The instruction's address field corresponds to a CPU register that holds the operand's effective address. To get the operand, only one memory reference is needed.

Register Relative Addressing

• The offset address is the addition of the content in the register and an offset – Like MOV AX, 1234H [SI], relative addressing is much like indexed addressing

MOV AX, [BX+DATA]

The effective address of the operand is obtained by adding the content of the program counter with the address part of the instruction.

Effective Address = Content of Program Counter + Address part of the instruction.

Based Addressing

• Based addressing – The offset address for any operand is stored in the base register BX

MOV AL, [BX]

The effective address of the operand is obtained by adding the content of the base register with the address part of the instruction.

Effective Address = Content of Base Register + Address part of the instruction.

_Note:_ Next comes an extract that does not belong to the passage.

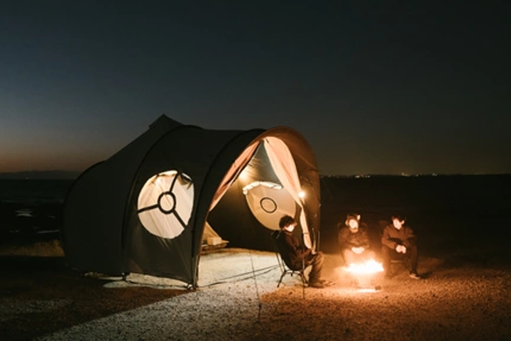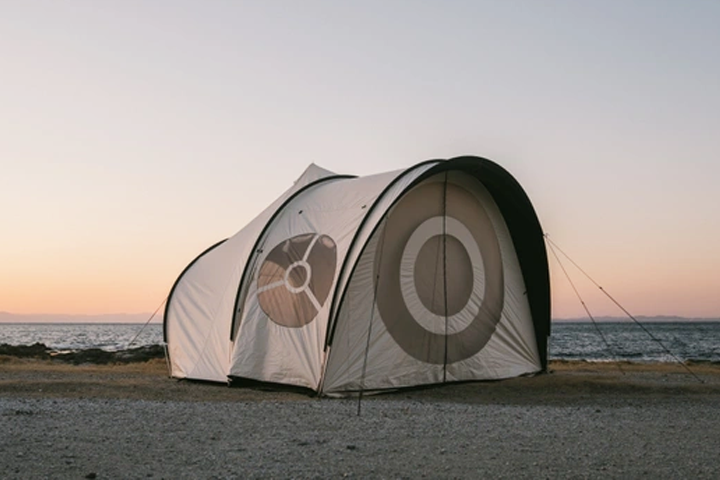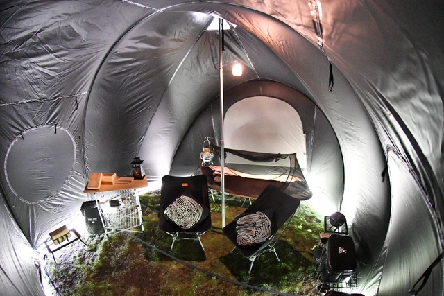「RYUGU-DS」の素材は遮光性にすぐれており、シェルター内の温度上昇を抑制してくれる。夜は漆黒の闇の中でぐっすり眠れるという。

Based Indexed Addressing/Base plus Index Addressing Mode

 • Base plus Index Addressing Mode – The DX register is used to add the content of the base. In based addressing mode, the sum of the contents of the BX/BP registers and 8-bit/16-bit displacement determines the operand's offset address. Combining based and indexed addressing modes yields a new, more efficient mode known as based-indexed addressing mode.

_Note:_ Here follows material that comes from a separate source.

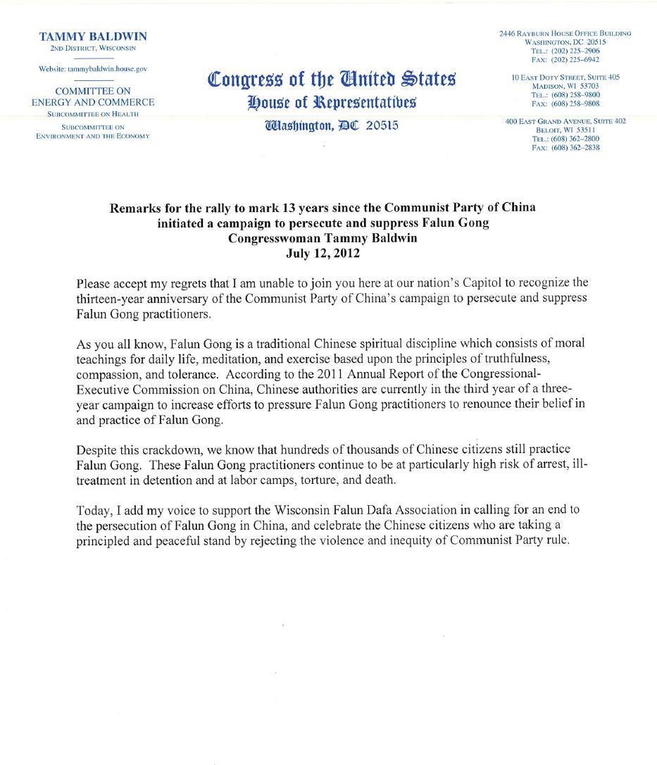 集会还宣读了欧洲议会副主席爱德华‧麦克米兰-斯考特(Edward McMillan-Scott)及欧盟议员和人权委员会副主席的支持中国一亿两千万的三退大潮的连署信。他们认为由法轮功修炼者推动的退党运动为中国民众提供了一个精神觉醒,解脱共产精神枷锁,为自己创造美好未来的机会。

The EA's value can be defined in a number of ways. One method is to explicitly encode the operand's effective address in the instruction. This is the most basic form of memory addressing, also known as direct addressing mode. The effective address's base value can be found in either the base register (BX) or the base point register (BPR) (BP). It also specifies the sizes for displacement that are permissible.

A = Base + Index + Displacement.

By combining the contents of the index register with the address portion of the instruction, the effective address of the operand is obtained.

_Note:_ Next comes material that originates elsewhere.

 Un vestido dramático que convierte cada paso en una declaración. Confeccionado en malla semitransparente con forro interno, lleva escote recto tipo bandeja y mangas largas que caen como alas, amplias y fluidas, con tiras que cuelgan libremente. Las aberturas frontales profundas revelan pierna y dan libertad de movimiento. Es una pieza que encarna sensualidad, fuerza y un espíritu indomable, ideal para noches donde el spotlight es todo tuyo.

Effective Address = Content of Index Register + Address part of the instruction.

Base Relative Addressing Mode

• Characteristics – The offset address is stored in the Base register, but it differs in that it contains some displacement. This displacement can be 8 bits or 16 bits in size. As a result, the offset address would be identical to the base register's contents + 8/16 bit displacement.

MOV AL, [BX 05] H       here, displacement is 8 bits

MOV AL, [BX 1243] H             here, displacement is of 16 bits

 

Relative based Indexed Addressing/Base Relative plus Index Addressing

 • In indexed addressing mode, the operands offset address is calculated by adding the contents of the SI or DI registers and the 8-bit/16-bit displacements.

String Addressing

• String addressing – Unlike the previous cases, the instructions that deal with strings do not use the usual addressing modes. As a result, there are no registers specified in the operand field of string instruction. Take, for example, the string instruction MOVSB (move byte string). The instruction contains no processor registers, but the processor understands that it can use both SI and DI during execution (as well as DS and ES).

All string-based instructions presume that the SI register points to the first element of the source string (which may be a byte or a word value) and that the DI register points to the first element of the destination string – the 80x86 will automatically change the contents of SI and DI during string instruction execution.

Port Addressing

• In their incorporation of the use of I/O ports for data communication between the processor and the outside world, Intel brand microprocessors vary from other processors on the market – Reading data from memory is one method of getting data into the processor; another method is to read data from an input port. When sending data out of the CPU, we have the option of storing it in memory or sending it to an output port.

Method 1: An I/O port is accessed in the same way as memory is accessed: the address of the I/O port is placed on the address bus, and certain control signals are activated. The I/O port's address can be explicitly coded into an instruction.

• The 80x86 offers up to 65,536 input and output ports to the programmer (although many useful designs rarely use more than a handful of I/O ports).

Auto-Increment Addressing Mode

This addressing mode is a subset of the Register Indirect Addressing Mode, in which

Effective Address of the Operand = Content of Register.